In the wake of everyone’s dumbfounded looks, Hannah bared her palms. “I’m not making this up! We were on our way to Terra Vista. You’d fallen asleep. And then suddenly you mumbled, ‘He’s right.’ I said, ‘Who’s right?’ and you said, ‘Zack. He’s right. It’s not enough money to get to Brooklyn.’ Then your nose got all bloody and you fell into your coma.”

The showerhead dripped ten more times before Zack broke the muddled silence.

“Uh, normally I’d write that off as a strange coincidence. But after everything we’ve seen, Theo, I’m going to go out on a limb and suggest you might not be entirely weirdness-free.”

Theo felt a hot rush of blood in his face. He stammered for a response.

“I really don’t see how—”

“Oh my God!”

The others followed Mia’s gaze to the lumivision, where the nine o’clock news had just begun.

Contrary to Amanda’s expectations, the broadcast didn’t open with her police sketch. In fact, the standoff on Highway V would merit just forty seconds of airtime. In the absence of any fatalities, and the coordinated silence of all law enforcers on scene, the incident was treated as just another police chase. Another irksome traffic jam.

The top story of the day was much juicier. The star of the tale was Sterling Quint.

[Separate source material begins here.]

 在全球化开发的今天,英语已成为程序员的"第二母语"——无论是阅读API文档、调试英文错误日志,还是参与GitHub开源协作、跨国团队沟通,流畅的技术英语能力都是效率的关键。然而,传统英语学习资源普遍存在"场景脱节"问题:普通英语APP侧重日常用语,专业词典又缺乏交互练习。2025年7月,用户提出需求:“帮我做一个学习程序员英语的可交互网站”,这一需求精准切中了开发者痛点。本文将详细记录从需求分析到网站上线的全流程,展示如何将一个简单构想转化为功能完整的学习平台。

At 6:34 this morning, operators at Triple-5 Emergency received eleven distress calls of the exact same nature—eleven spouses, lovers, and siblings who’d all succumbed to the same fatal stroke. When record checks revealed that the deceased were all employees at the same organization, authorities suddenly became quite interested in the goings-on at the Pelletier Group.

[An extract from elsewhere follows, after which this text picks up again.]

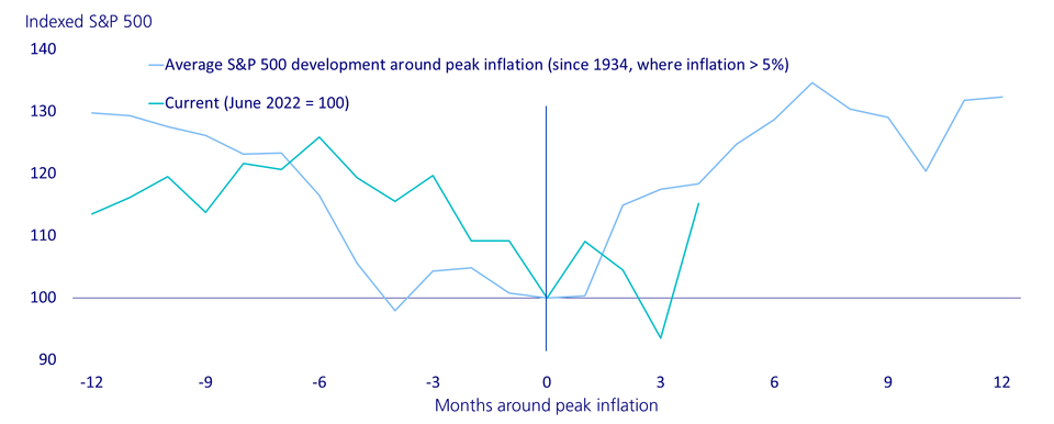 When inflation peaks have just been reached, this has always been positive for equities in the past. This is shown by our analysis, which stretches back to 1934 and examined stock market movements during periods with inflation rates of over 5 percent. In the months leading up to the inflation peak, the S&P 500, which comprises the shares of the 500 largest listed US companies, fell by 30 percent in each case. However, once this peak had passed, equities more than made up for the losses in the months thereafter.

By sunset, the last of the bodies had been discovered. Four names on the payroll had yet to be accounted for: Erin and Eric Salgado, Beatrice Caudell, and the head honcho himself, Sterling Quint. The world-renowned theorist had left for work at 7
A.M.
and was never heard from again.

The story quickly caught fire at newsrooms across the nation. Some broadcasts filled their screens with juxtaposed photos of a dour Quint and a nervous Beatrice—a saucy suggestion that the pair had perpetrated the massacre and were now lovers on the run.

The Silvers watched the lumivision with wide eyes and white faces, processing the deaths of everyone they knew outside the motel room. Hannah thought of poor Charlie Merchant, barely a year older than her. Her eyes welled up with tears.

“I don’t get it. Why would he kill them?”

“I assume you’re not referring to Quint.”

“You know I’m not, David. Come on. I’m talking about Azral.”

“It had to be him,” Amanda said. “Him and Esis.”

The widow couldn’t get her mind off Czerny. His death had seemed so inconsistent with his type of injury. Now she knew why. She bit her trembling lip.

“They threw them away. They didn’t need them anymore, so they just tossed them like garbage.”

David shook his head. “For all we know, this was the work of Rebel’s people.”

“Doubtful,” said Theo. “If Rebel’s people had the ability to kill remotely, they wouldn’t have come at us with guns and swords.”

Mia couldn’t bear the thought of anyone having that power. She pictured Azral standing before some necromantic circuit breaker, shutting off lives from miles away. She could only imagine he had six more buttons, all labeled with the names of people in this room.

“Do you think maybe Beatrice got away?” she asked.

The lack of response was enough to confirm her grim suspicion. She took a moment to mourn the poor woman who’d baked her a cupcake for her birthday.

Zack remained silent from his perch on the bed, stewing over the large new problem this tragedy created for them. The Salgado van and the body of Dr. Czerny were two thick chains that tied the Silvers to the Pelletier slaughter. While the media continued to chase ghosts, the federal agents would have a stronger notion of who to blame.


By ten o’clock, Melissa Masaad was angry enough to break the law. It took twenty minutes of research to uncover the location of the nearest tobacco den, hidden away beneath a Terra Vista bowling alley. Six more minutes of digging earned her the passphrase.

“Are your bathrooms clean?” she asked the cashier, just as she was told.

For once, Melissa’s foreign attributes worked in her favor. The greasy old man at the counter would have never suspected she was a Dep. Even if she had been with DP-4, the illicit substances division, she wouldn’t have wasted time on such a piddling sting. The Bureau didn’t care about smoke-easies.